__WORK INSTRUCTIONS__
Your copy should match the listing word for word, apart from the pictures, which are left out.

__PROVIDED DATA__
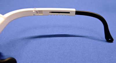 耳掛けの位置も調整できます。本体は軽くて、レンズ部分の重量もほとんど気にならないし、頭が下向いてもズレてしまうということも、ちゃんと調整しておけばほぼないのは優秀です。
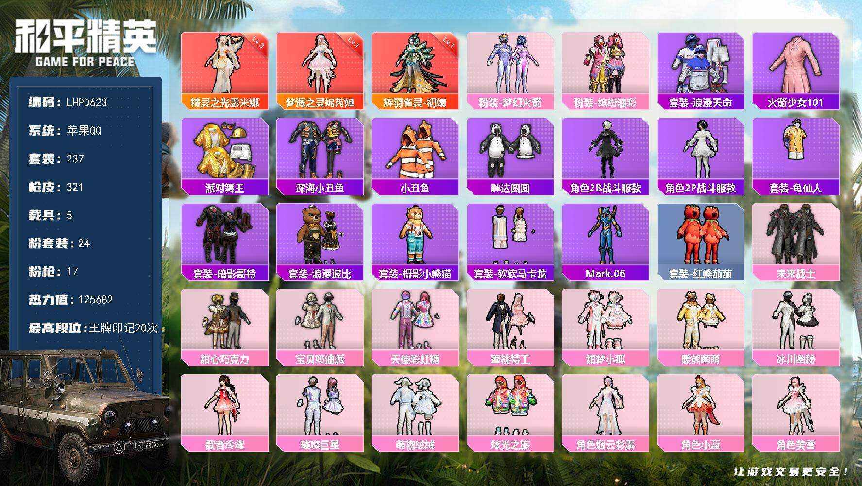 老101【店主推荐捡漏号!可直接换绑】苹果 手Q-3神装-24粉装-17特效枪-6载具-11粉色飞行器-125682热力值-20王牌印记-237套装-321枪皮【红色神装等级】:辉羽雀灵-初翊(一级),精灵之光-露米娜(三级),梦海之灵-妮芮妲(一级)【红色角色神装】:辉羽雀灵-初翊,精灵之光-露米娜,梦海之灵-妮芮妲【热门品类】:粉装-梦幻火箭,粉装-缤纷油彩,套装-浪漫天命,套装-火箭少女1
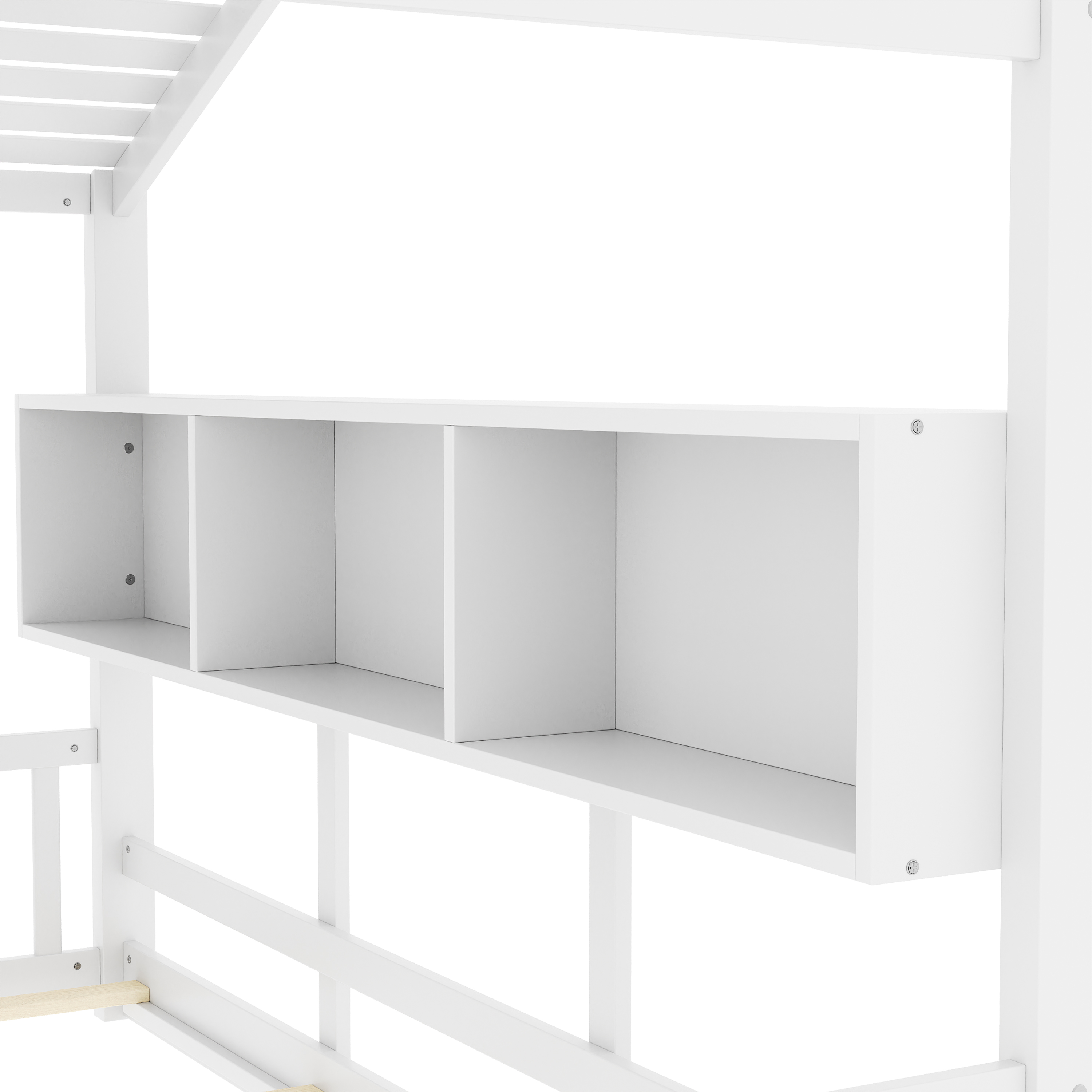 Product Name:Twin Size Floor House Bed for Toddler, Kids Montessori Bed with Storage Shelf, Playhouse Bed with Roof Design, White
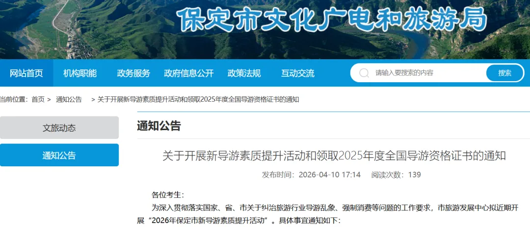 为深入贯彻落实国家、省、市关于纠治旅游行业导游乱象、强制消费等问题的工作要求,市旅游发展中心拟近期开展“2026年保定市新导游素质提升活动”。具体事宜通知如下:

__RESPONSE TO THE TASK__
 耳掛けの位置も調整できます。本体は軽くて、レンズ部分の重量もほとんど気にならないし、頭が下向いてもズレてしまうということも、ちゃんと調整しておけばほぼないのは優秀です。
 老101【店主推荐捡漏号!可直接换绑】苹果 手Q-3神装-24粉装-17特效枪-6载具-11粉色飞行器-125682热力值-20王牌印记-237套装-321枪皮【红色神装等级】:辉羽雀灵-初翊(一级),精灵之光-露米娜(三级),梦海之灵-妮芮妲(一级)【红色角色神装】:辉羽雀灵-初翊,精灵之光-露米娜,梦海之灵-妮芮妲【热门品类】:粉装-梦幻火箭,粉装-缤纷油彩,套装-浪漫天命,套装-火箭少女1
 Product Name:Twin Size Floor House Bed for Toddler, Kids Montessori Bed with Storage Shelf, Playhouse Bed with Roof Design, White
 为深入贯彻落实国家、省、市关于纠治旅游行业导游乱象、强制消费等问题的工作要求,市旅游发展中心拟近期开展“2026年保定市新导游素质提升活动”。具体事宜通知如下:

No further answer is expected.